Saturday, April 01, 2017 9:46:13 AM

Post# of 3283
Seeing Poziotinib’s sales potential through Tagrisso’s eyes. Tagrisso (osimertinib) from AstraZeneca is a third generation, irreversible EGFR tyrosine kinase inhibitor designed to inhibit both EGFR sensitising and EGFR T790M resistance mutations. It was just approved in the US for patients with metastatic epidermal growth factor receptor (EGFR); it’s approved in China and the EU too. T790M mutation-positive non-small cell lung cancer (NSCLC) occurs in 10-15% of NSCLC patients. This is info I got from AZs March 31st PR. And according to Thomson Reuters, consensus forecasts is for $2.5 billion by 2022.

Now, let’s look at Poziotinib that started dosing patients in a P2 trial this month as per the recent PR. It is being tested in patients with EGFR exon 20 insertion mutations. Their PR from Nov indicated that 10% of NSCLC patients may have this condition. From one of SPPIs recent CCs, I remember hearing 4 – 7% may have this condition. Let’s say ~7.5% have this condition and in comparing it to Tagrisso (10 -15%), let’s say it’s one-half of Tagrisso’s targeted population. A good rule of thumb is to divide the world in 3 equal parts; the USA, EU and Rest of World (ROW) which includes China, Japan etc. So assuming Poziotinib shows effectiveness in this P2 trial data with end of this year readout and it successfully undergoes a registrational P3 trial then what is the sales potential of poziotinib? At ½ of Tagrisso’s patient population that puts sales at ½ of 2.5B or $1.25B for the whole world market.
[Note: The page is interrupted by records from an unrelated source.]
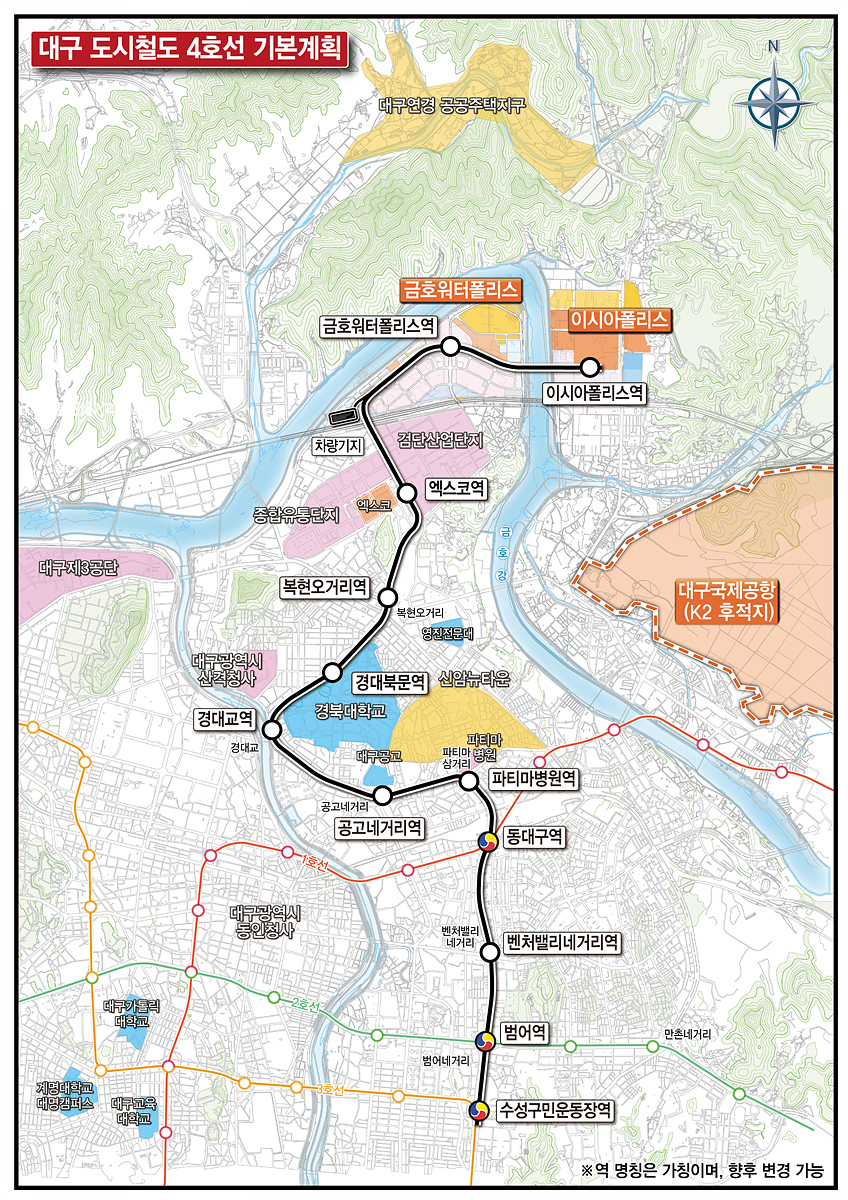 총사업비 7,756억 원을 투입하는 도시철도 4호선은 수성구민운동장역에서 경북대학교 및 엑스코를 거쳐 이시아폴리스까지 연장 12.6km로 연결되며 정거장 12개소가 건설된다.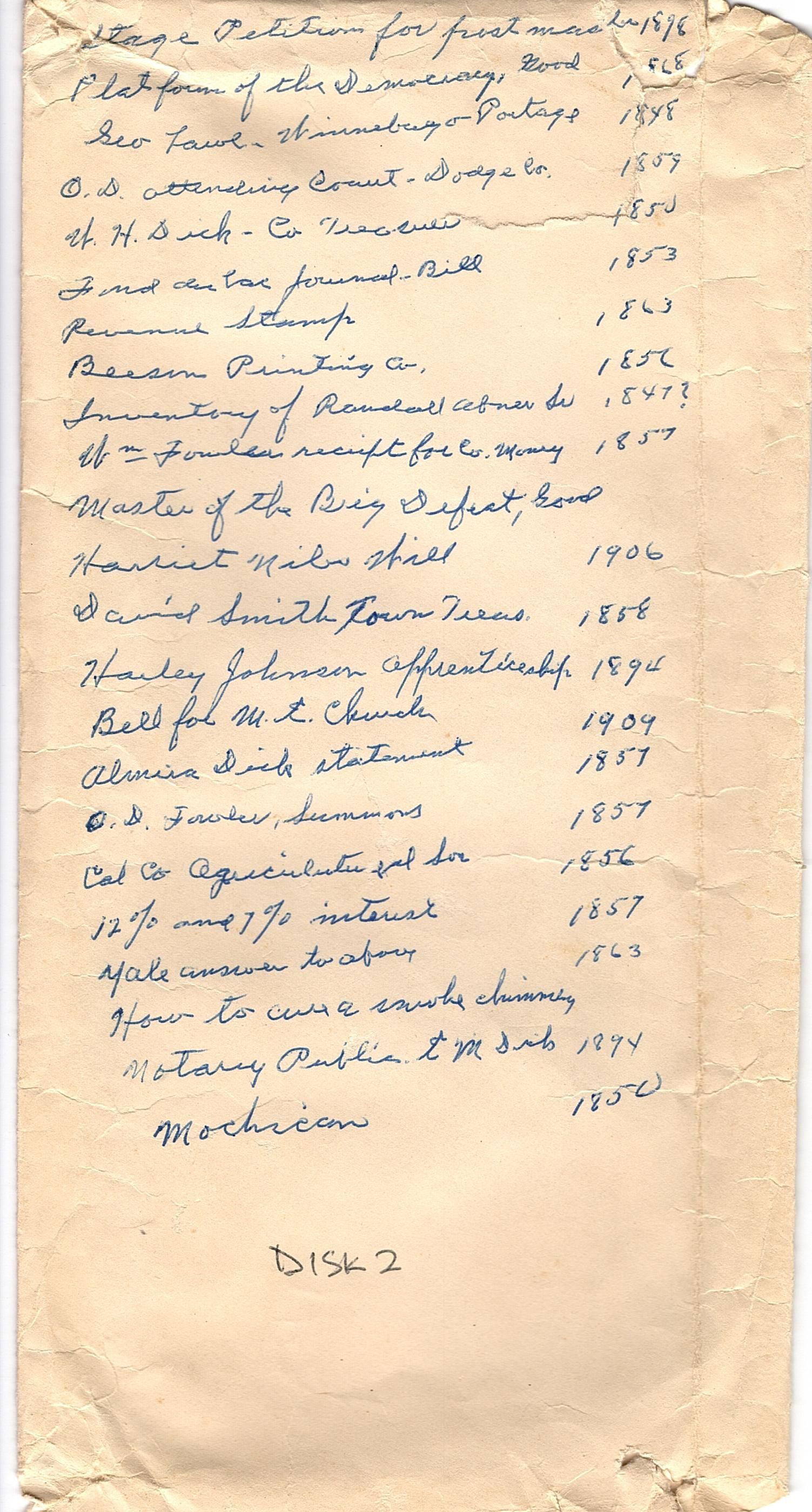 Legal sized envelope with a list of events and dates written in blue ink. The list is not in chronological order.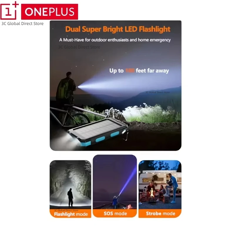 ONEPLUS 200000mAh Solar Power Bank Large Capacity Portable Outdoor Fast Charging External Battery For IPhone Xiaomi Huawei HOT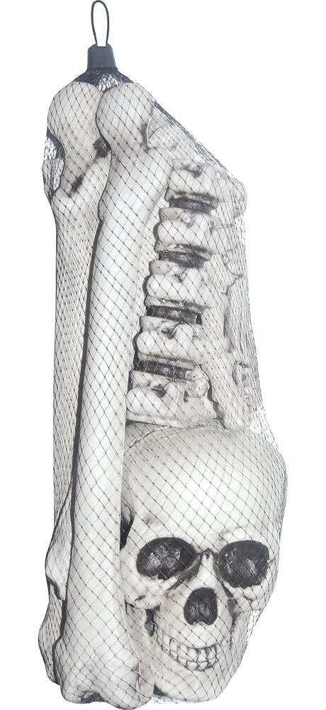 - Features a variety of white plastic bone props from a skull to a femur to a spinal column

Let’s assume that it will be approved only in the US so 1/3 of 1.25B is $417M. Add the EU to the mix and that makes $834M. That’s not including ROW (I assume they’ll get a partner for that and for the EU for that matter). And that doesn’t include the different indication of metastatic breast cancer where P2 trials are ongoing.
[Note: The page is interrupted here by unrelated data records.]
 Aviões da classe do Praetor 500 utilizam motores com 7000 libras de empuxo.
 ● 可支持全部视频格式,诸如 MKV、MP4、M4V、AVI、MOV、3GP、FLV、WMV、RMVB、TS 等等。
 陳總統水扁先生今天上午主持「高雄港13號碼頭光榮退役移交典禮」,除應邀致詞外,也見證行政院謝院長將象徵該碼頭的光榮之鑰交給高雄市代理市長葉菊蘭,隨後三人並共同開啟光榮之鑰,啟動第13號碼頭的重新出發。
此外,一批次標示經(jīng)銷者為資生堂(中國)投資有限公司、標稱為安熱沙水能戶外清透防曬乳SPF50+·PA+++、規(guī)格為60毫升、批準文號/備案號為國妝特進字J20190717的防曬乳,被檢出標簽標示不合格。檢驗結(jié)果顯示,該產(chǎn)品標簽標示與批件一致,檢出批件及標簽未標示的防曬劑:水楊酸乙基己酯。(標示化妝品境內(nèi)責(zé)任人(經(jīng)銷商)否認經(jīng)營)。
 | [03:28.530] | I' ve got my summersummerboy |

This discussion may be slightly premature since we don’t have any concrete data yet so why get excited now? Well, we have pretty good pre-clinical data showing poziotinib superior to some other TKI molecules as presented by MD Anderson at the 17th IASLC World Conference on Lung Cancer on Dec 7, 2016, we have a patient with EGFR exon 20 insertion mutation given poziotinib showing encouraging results, we have MD Anderson which is one of the more prestigious cancer centers in the country very much involved, and we have the P2 trial starting earlier than expected (clin trials had it starting in April but it started on March 17th). Sure it’s not the same as trial results that’s expected at the end of the year but not too late to start thinking of the possibilities of what it will do for Spectrum, and for pts, if the trial is successful. Ariad being bought out by Takeda for 5.2B comes to mind. Ariad in the 3rd Qtr had like 34M in sales, and part of that was from major price increases that got them in hot water w the US congress. The 18th IASLC World Conference on Lung Cancer will be in Dec. That’s like, kind of, perfect timing if the stars are aligned right for the MD Anderson P2 trial readout. Spectrum has had bad karma the last couple of years w Fusilev, it’s time that changes and this may be what changes it. Hearing that the Rolontis P3 trial has finished recruiting patients wouldn’t hurt either since we would know results will come quickly afterwards w NDA submittal.